RELATED APPLICATIONS

This application claims priority of U.S. Provisional Patent Applications Ser. No. 60/570,200 filed May 12, 2004; Ser. No. 60/606,717 filed Aug. 31, 2004; Ser. No. 60/625,276 filed Nov. 5, 2004; Ser. No. 60/642,319 filed Jan. 7, 2005; and Ser. No. 60/665,958 filed Mar. 29, 2005, which are incorporated herein by reference.

FIELD OF THE INVENTION

The present invention relates in general to gene suppression and in particular to gene suppression through delivery of double-stranded RNA or small hairpin RNA targeting an over-expressed protein within a subject.

BACKGROUND OF THE INVENTION

RNA interference (RNAi) is the process whereby messenger RNA (mRNA) is degraded by small interfering RNA (siRNA) derived from double-stranded RNA (dsRNA) containing an identical or very similar nucleotide sequence to that of the target gene. (Waterhouse 2001; Hutvagner and Zamore 2002a and 2002b; Lewis 20020132788; Lewis 20030092180; Kreutzer 20040038921; Scaringe 20040058886). This process prevents the production of the protein encoded by the targeted gene. Allele-specific silencing of dominant disease genes can be accomplished (Miller 2003).

The benefits of preventing specific protein production in mammals include the ability to treat disease caused by such proteins. Such diseases include those that are caused directly by such a protein such as multiple myeloma which is caused by harmful concentrations of a monoclonal immunoglobulin as well as diseases in which the protein plays a contributory role such as the effects of inflammatory cytokines in asthma.
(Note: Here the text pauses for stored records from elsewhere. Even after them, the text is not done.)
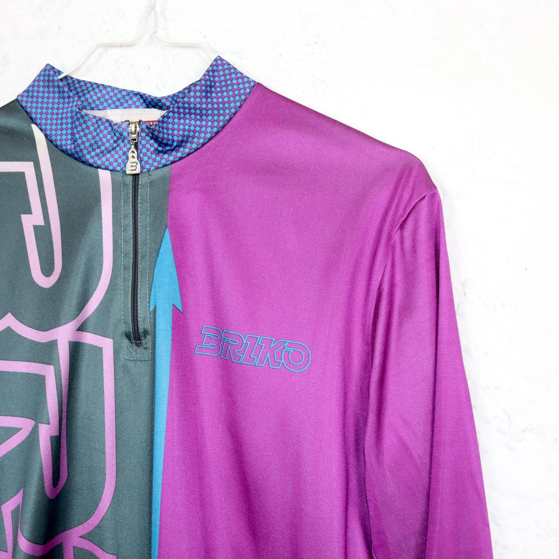 Vintage 80er 90er BRIKO Fahrradtrikot Racing Shirt blau lila langarm M
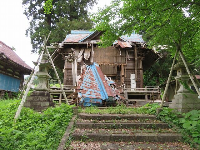大雪の影響でしょうか、社殿が崩壊しております。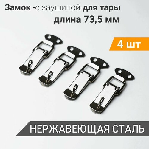 Замок-защёлка "Лягушка" L-44 с проушиной (4 шт), с пружиной нержавеющий замок для тары, ящиков, полированный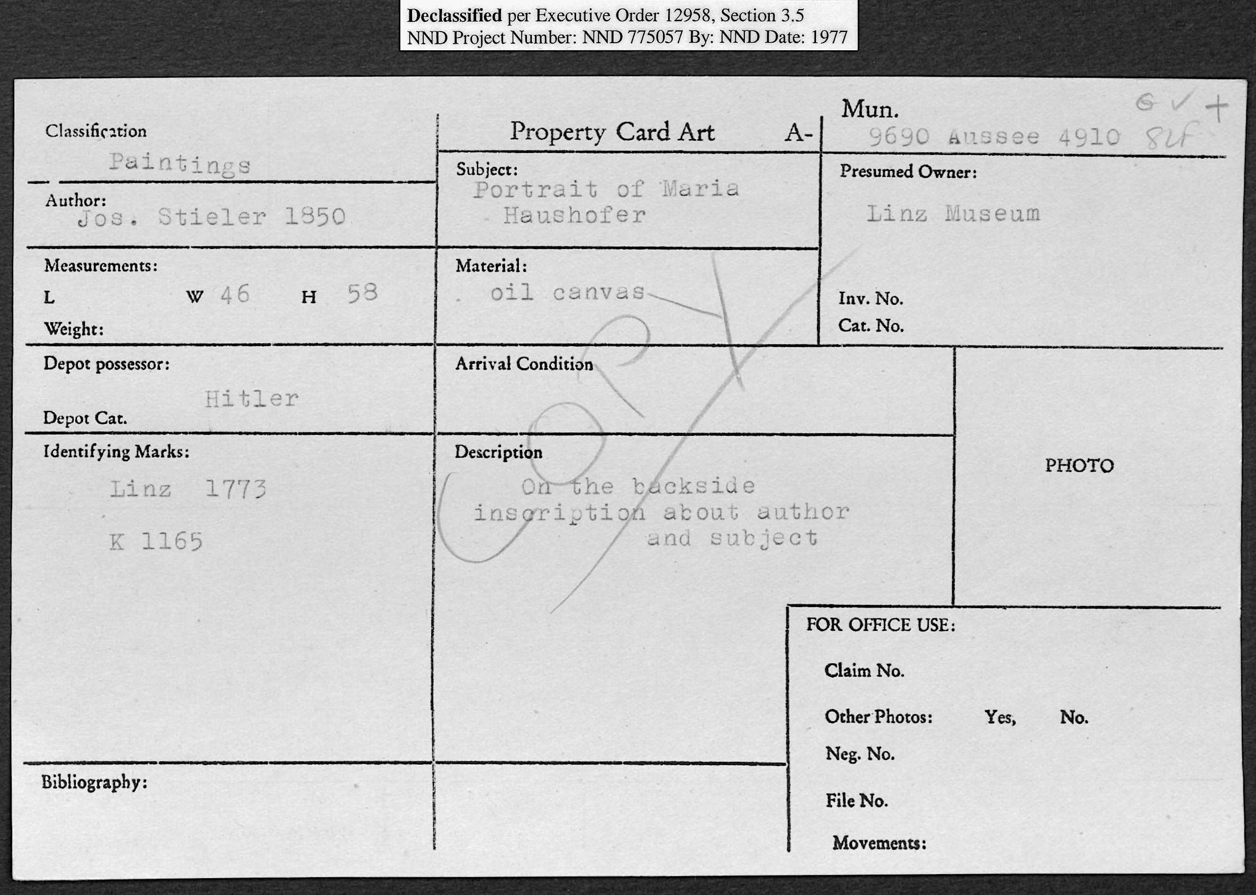 Property Card, 1945: portrait of Karl Haushofers sister and famous painter Maria is registered property of 'Hitler'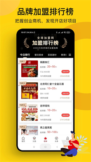 全球加盟网app是一款专注于全球领先的创新型创业服务平台,它拥有海量的优质好商机、丰富的行业信息及多样化的项目选择。这款平台不仅汇聚了全网最热、最火爆和最新的加盟政策以及各种品牌资讯动态等内容,还提供多种开店方式供用户挑选使用,让你在手机上也能轻松管理自己的店铺!全球加盟网app为广大的加盟者提供了众多实用功能和服务体验:智能推荐与个性化搜索模式等等,帮助你发现更多符合你口味的好商机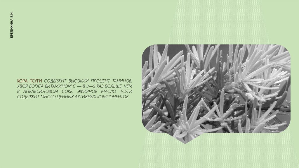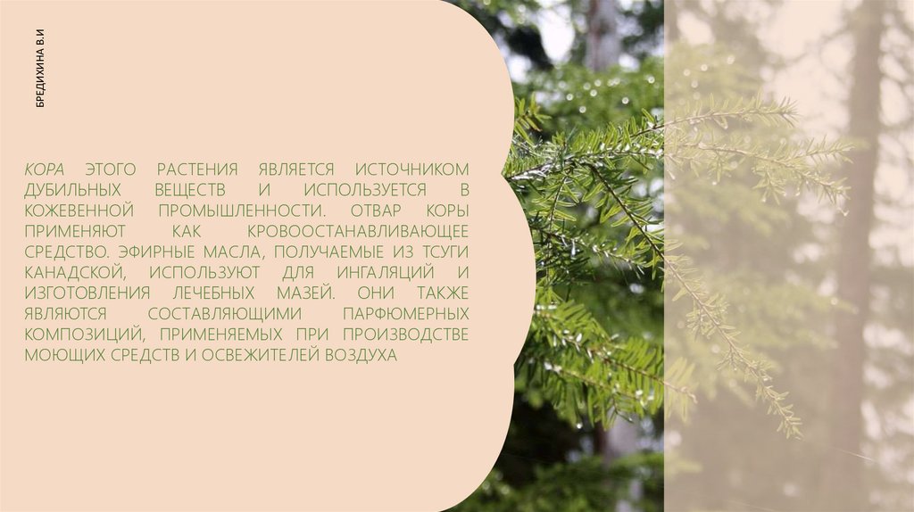БРЕДИХИНА В.И.КОРА ТСУГИ СОДЕРЖИТ ВЫСОКИЙ ПРОЦЕНТ ТАНИНОВ.

Introduction of dsRNA into mammalian cells induces an interferon response which causes a global inhibition of protein synthesis and cell death. However, dsRNA several hundred base pairs in length have been demonstrated to be able to induce specific gene silencing following cellular introduction by a DNA plasmid (Diallo M et al. Oligonucleotides 2003).

SUMMARY OF THE INVENTION

A composition includes long or short double-stranded RNA (dsRNA) bonded to a cell surface receptor specific ligand. The ligand-bound long or short dsRNA is optionally adsorbed to a histone, RDE-4 protein, or protamine to facilitate internalization by the targeted cell. The dsRNA is then hydrolyzed by Dicer, an RNAse III-like ribonuclease, thereby releasing siRNA that silences the target gene. The cell surface receptor specific ligand is a natural peptide, natural protein, or a protein such as an immunoglobulin fragment that is engineered to bind to the targeted receptor. The cell surface receptor specific ligand is bound to dsRNA by disulfide, heterobifunctional cross linker, hydrazone, phosphoramidate, phosphorothioate, or phosphodiester bonding. The internalization of the ligand-bound dsRNA is optionally facilitated by the incorporation of a membrane-permeable arginine-rich peptide, pentratin, transportan, or transportan deletion analog into the ligand or attachment of such a peptide to the ligand.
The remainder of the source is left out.